Problem |
In the records below, the relevant part opens with the line containing "Willa typu Deluxe." and closes with the line containing "NicolasHand Font Metadata"; print that part exactly and only, without its pictures.

Records provided |
----------------

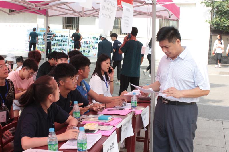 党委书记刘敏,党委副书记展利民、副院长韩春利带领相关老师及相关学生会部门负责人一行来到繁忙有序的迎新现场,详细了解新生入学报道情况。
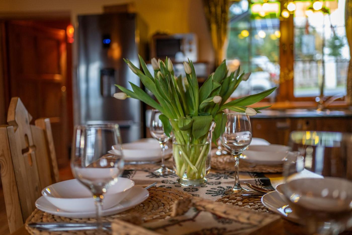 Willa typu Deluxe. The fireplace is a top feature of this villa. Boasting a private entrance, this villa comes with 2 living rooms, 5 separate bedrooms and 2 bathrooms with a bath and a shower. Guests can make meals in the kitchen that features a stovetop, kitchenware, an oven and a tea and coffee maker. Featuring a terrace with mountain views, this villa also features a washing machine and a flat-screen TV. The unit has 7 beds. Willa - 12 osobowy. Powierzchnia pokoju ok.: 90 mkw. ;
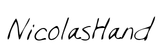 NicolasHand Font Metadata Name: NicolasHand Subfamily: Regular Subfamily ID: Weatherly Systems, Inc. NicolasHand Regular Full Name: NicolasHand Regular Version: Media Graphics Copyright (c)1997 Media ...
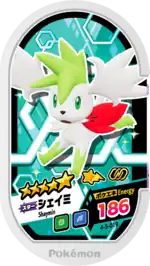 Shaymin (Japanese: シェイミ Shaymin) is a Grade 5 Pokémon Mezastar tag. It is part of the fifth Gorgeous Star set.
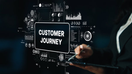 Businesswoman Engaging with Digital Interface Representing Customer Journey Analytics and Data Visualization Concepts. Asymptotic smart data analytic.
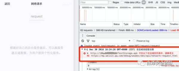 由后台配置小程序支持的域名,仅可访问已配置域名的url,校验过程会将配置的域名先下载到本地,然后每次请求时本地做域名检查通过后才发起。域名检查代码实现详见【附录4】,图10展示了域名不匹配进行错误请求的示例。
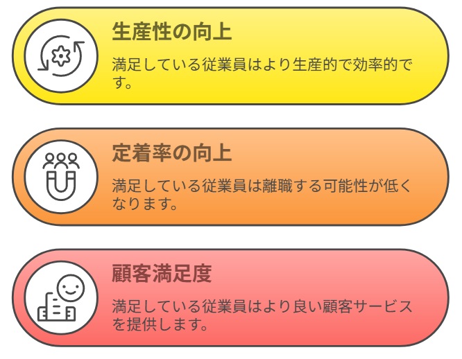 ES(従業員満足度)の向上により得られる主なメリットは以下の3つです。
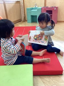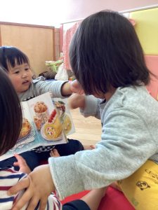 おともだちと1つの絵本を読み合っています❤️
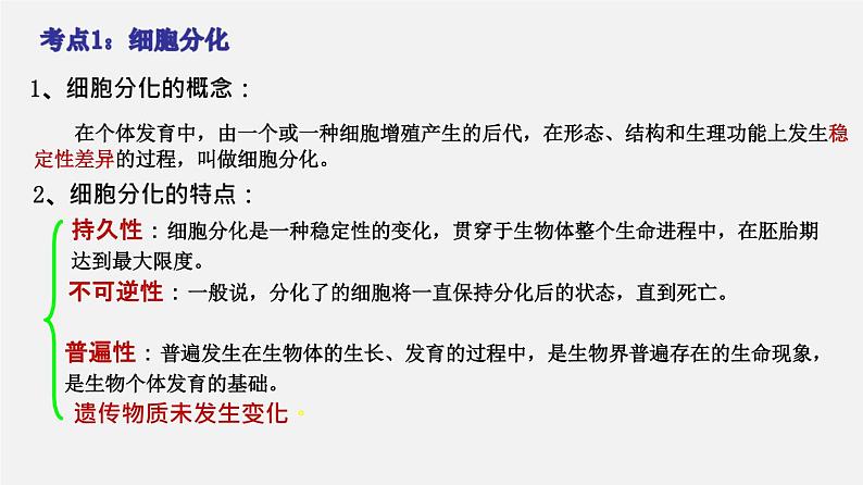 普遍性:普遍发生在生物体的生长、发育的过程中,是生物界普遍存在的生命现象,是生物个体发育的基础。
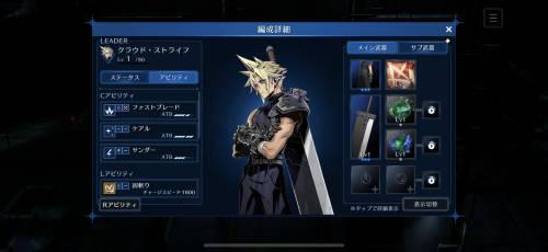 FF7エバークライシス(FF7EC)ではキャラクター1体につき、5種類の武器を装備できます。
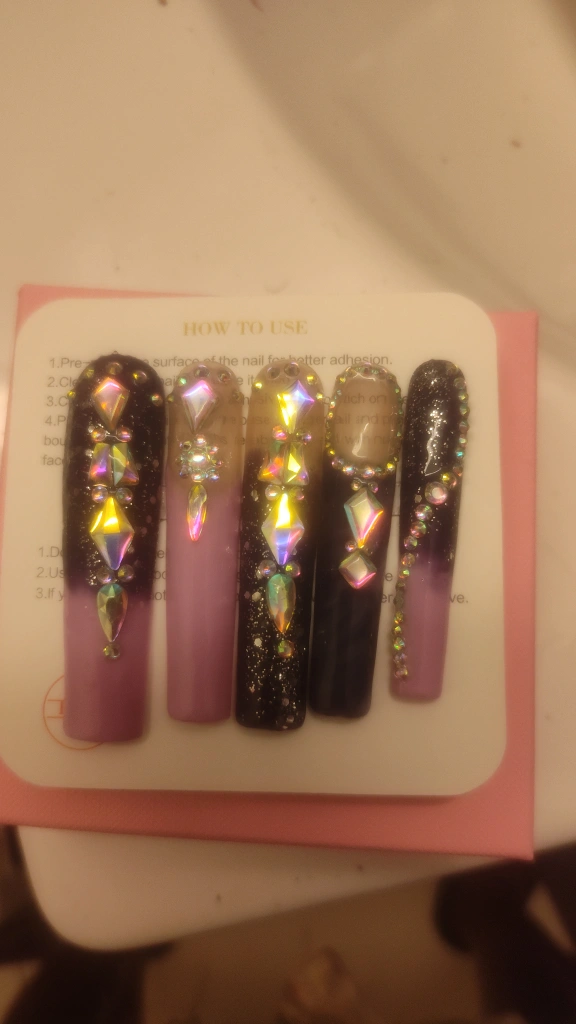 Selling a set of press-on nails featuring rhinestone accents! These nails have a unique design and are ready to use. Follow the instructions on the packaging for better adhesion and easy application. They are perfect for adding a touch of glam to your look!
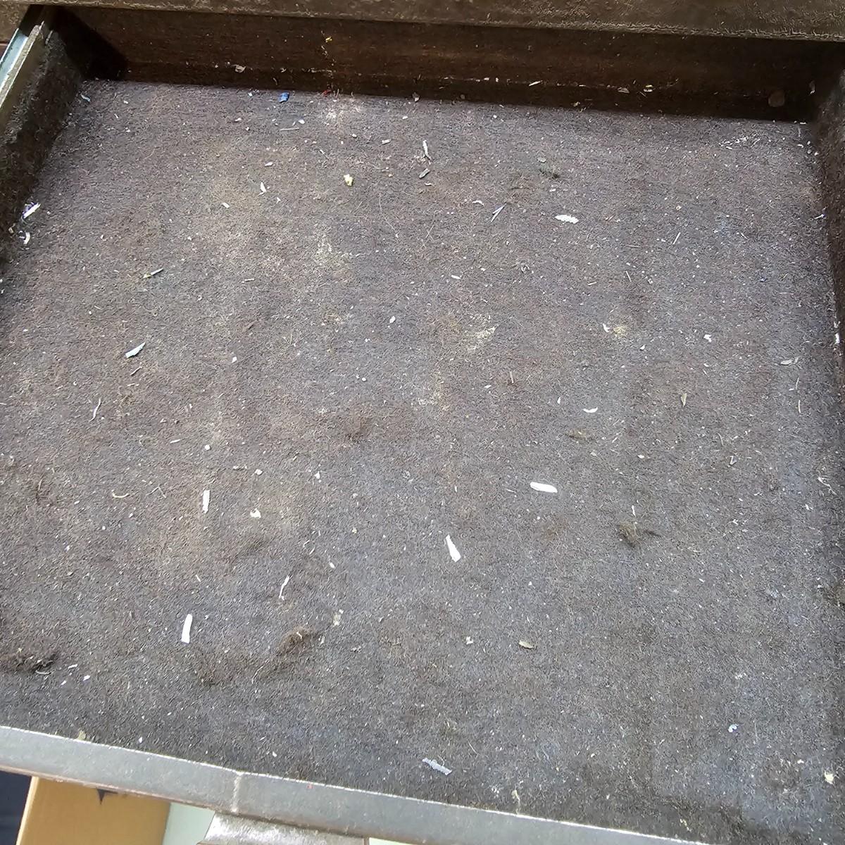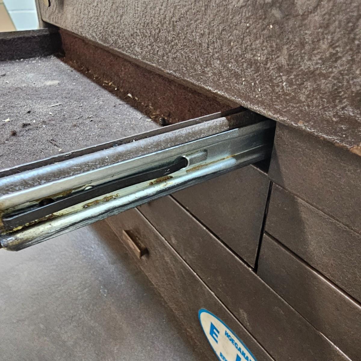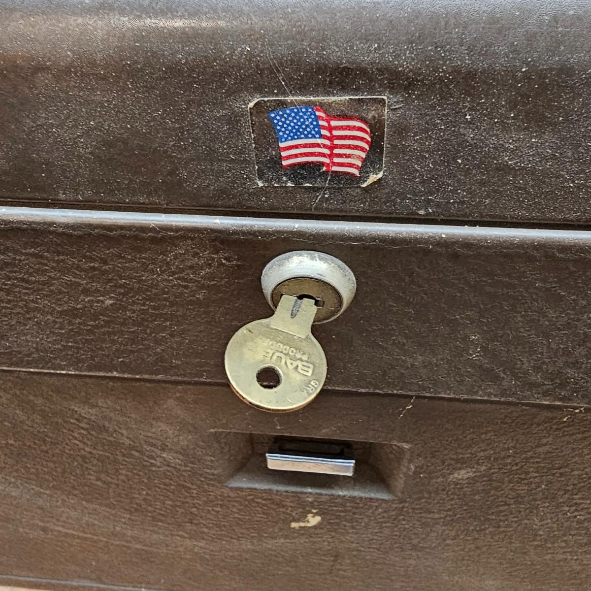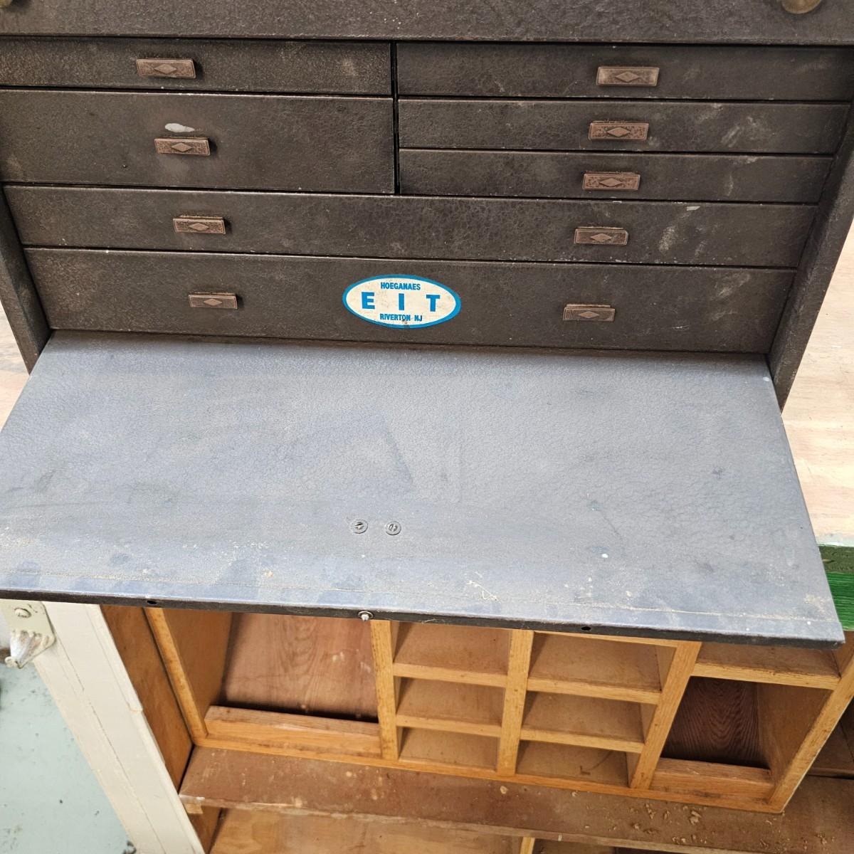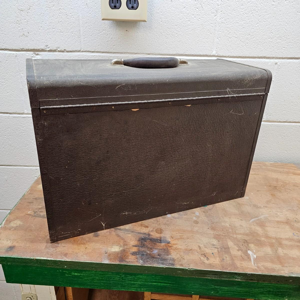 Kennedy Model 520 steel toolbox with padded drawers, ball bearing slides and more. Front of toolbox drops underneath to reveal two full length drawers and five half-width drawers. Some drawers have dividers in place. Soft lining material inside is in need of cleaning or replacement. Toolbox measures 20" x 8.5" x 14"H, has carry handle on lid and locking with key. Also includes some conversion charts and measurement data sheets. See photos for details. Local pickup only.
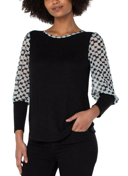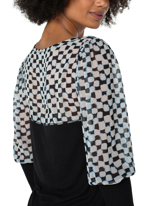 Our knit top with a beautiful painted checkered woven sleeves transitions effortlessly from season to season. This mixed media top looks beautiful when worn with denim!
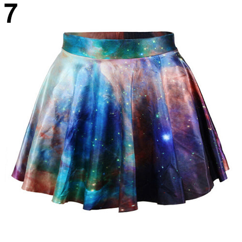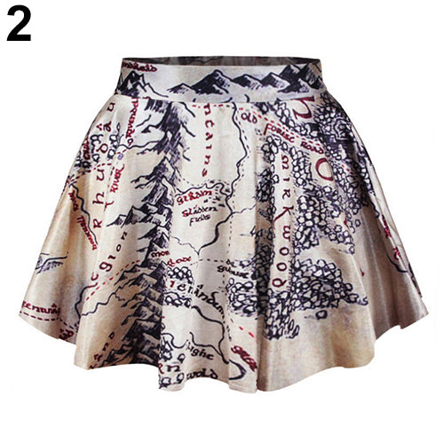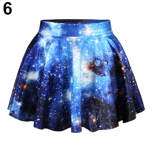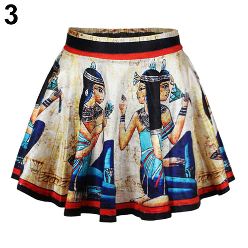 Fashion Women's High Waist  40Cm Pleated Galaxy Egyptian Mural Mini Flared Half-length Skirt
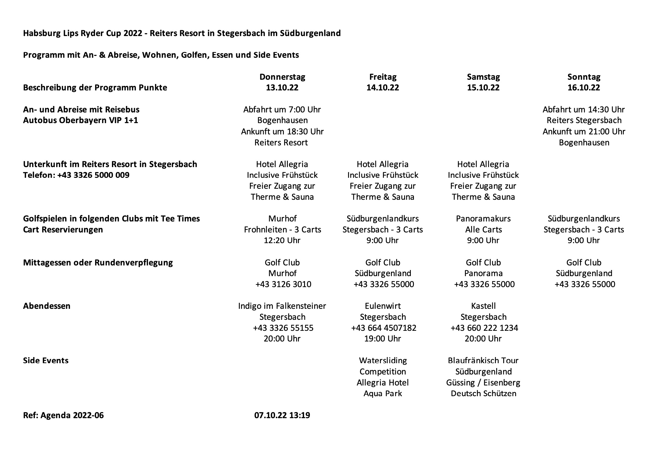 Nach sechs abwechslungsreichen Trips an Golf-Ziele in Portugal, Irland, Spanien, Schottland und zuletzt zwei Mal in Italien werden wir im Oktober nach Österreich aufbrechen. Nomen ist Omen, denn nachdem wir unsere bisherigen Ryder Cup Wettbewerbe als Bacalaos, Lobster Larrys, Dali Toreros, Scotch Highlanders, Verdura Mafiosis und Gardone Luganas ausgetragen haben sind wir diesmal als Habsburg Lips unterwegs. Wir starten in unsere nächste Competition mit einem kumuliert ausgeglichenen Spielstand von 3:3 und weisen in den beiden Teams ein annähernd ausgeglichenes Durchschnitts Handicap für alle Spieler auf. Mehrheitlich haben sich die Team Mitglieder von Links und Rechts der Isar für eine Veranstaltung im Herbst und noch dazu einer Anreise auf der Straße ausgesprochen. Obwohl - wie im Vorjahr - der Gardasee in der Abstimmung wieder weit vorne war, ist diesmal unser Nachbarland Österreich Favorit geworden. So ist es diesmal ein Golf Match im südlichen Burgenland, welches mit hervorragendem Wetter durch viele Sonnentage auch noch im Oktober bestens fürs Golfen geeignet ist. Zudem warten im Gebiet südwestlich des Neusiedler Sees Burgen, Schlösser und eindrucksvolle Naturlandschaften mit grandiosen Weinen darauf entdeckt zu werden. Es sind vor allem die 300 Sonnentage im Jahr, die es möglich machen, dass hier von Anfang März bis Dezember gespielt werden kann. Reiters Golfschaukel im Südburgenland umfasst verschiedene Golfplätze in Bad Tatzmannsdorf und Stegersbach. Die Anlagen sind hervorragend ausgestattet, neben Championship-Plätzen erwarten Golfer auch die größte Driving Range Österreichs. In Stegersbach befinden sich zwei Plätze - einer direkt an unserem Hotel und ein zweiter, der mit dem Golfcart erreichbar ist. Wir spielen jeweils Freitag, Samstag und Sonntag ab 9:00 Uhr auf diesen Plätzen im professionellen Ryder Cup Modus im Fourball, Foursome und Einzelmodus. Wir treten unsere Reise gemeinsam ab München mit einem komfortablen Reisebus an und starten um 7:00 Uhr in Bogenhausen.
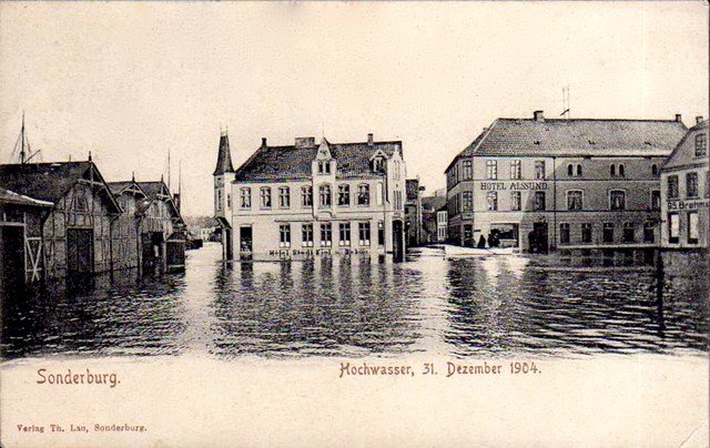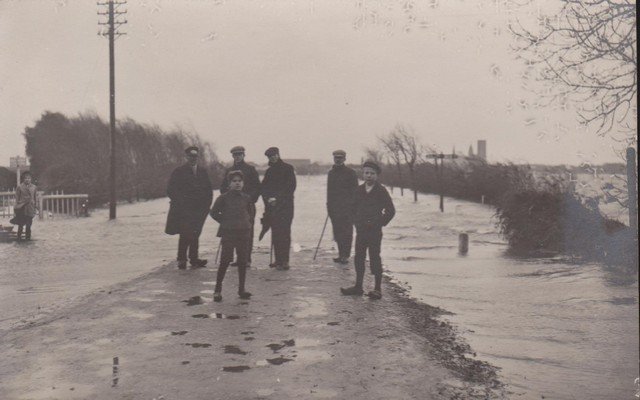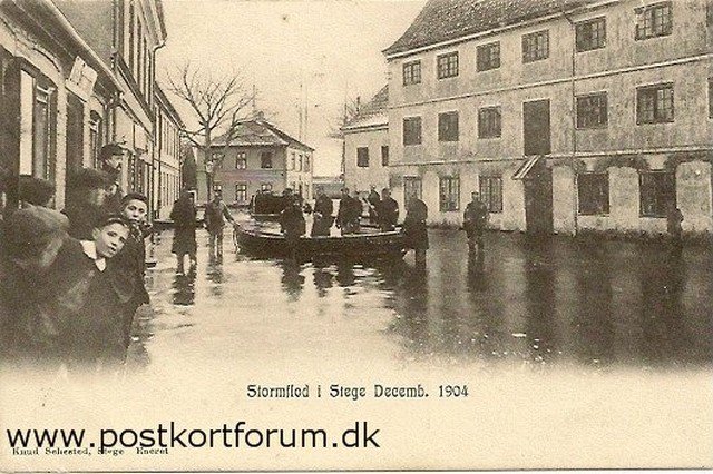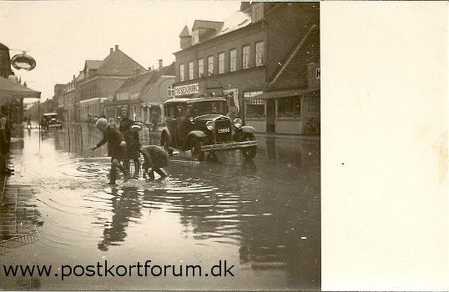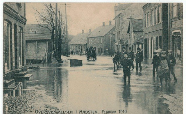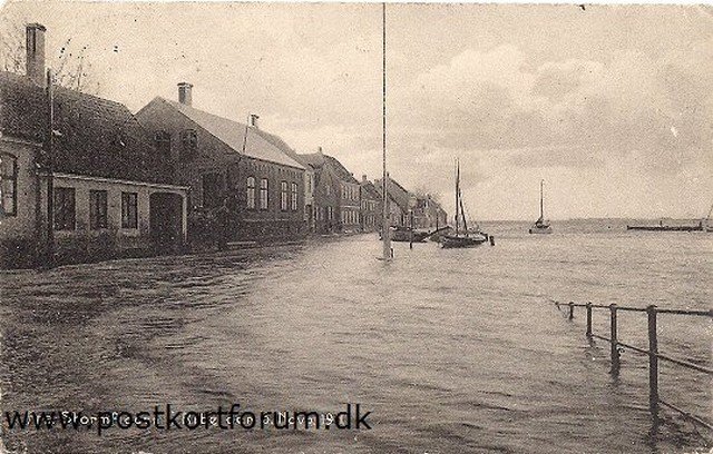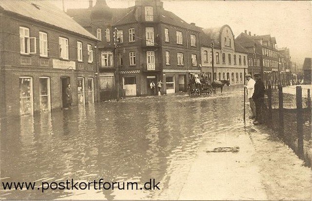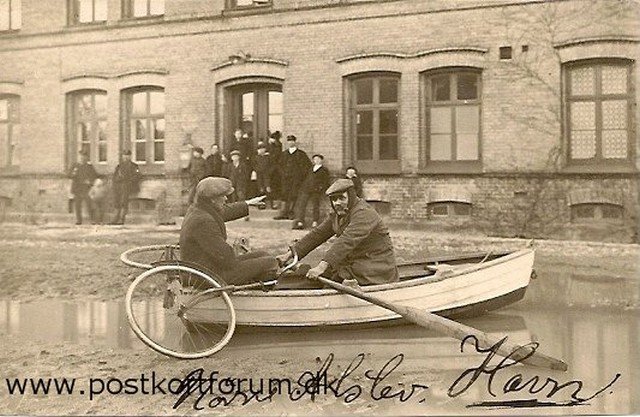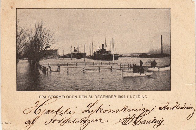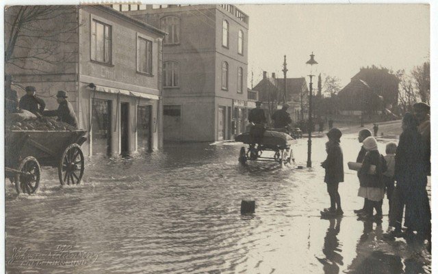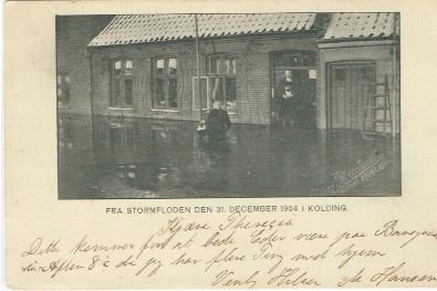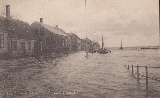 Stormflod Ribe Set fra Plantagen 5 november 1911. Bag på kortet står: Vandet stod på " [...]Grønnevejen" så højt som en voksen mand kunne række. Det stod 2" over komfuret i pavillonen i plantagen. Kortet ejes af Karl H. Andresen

----------------

Finished exercise |
 Willa typu Deluxe. The fireplace is a top feature of this villa. Boasting a private entrance, this villa comes with 2 living rooms, 5 separate bedrooms and 2 bathrooms with a bath and a shower. Guests can make meals in the kitchen that features a stovetop, kitchenware, an oven and a tea and coffee maker. Featuring a terrace with mountain views, this villa also features a washing machine and a flat-screen TV. The unit has 7 beds. Willa - 12 osobowy. Powierzchnia pokoju ok.: 90 mkw. ;
 NicolasHand Font Metadata Name: NicolasHand Subfamily: Regular Subfamily ID: Weatherly Systems, Inc. NicolasHand Regular Full Name: NicolasHand Regular Version: Media Graphics Copyright (c)1997 Media ...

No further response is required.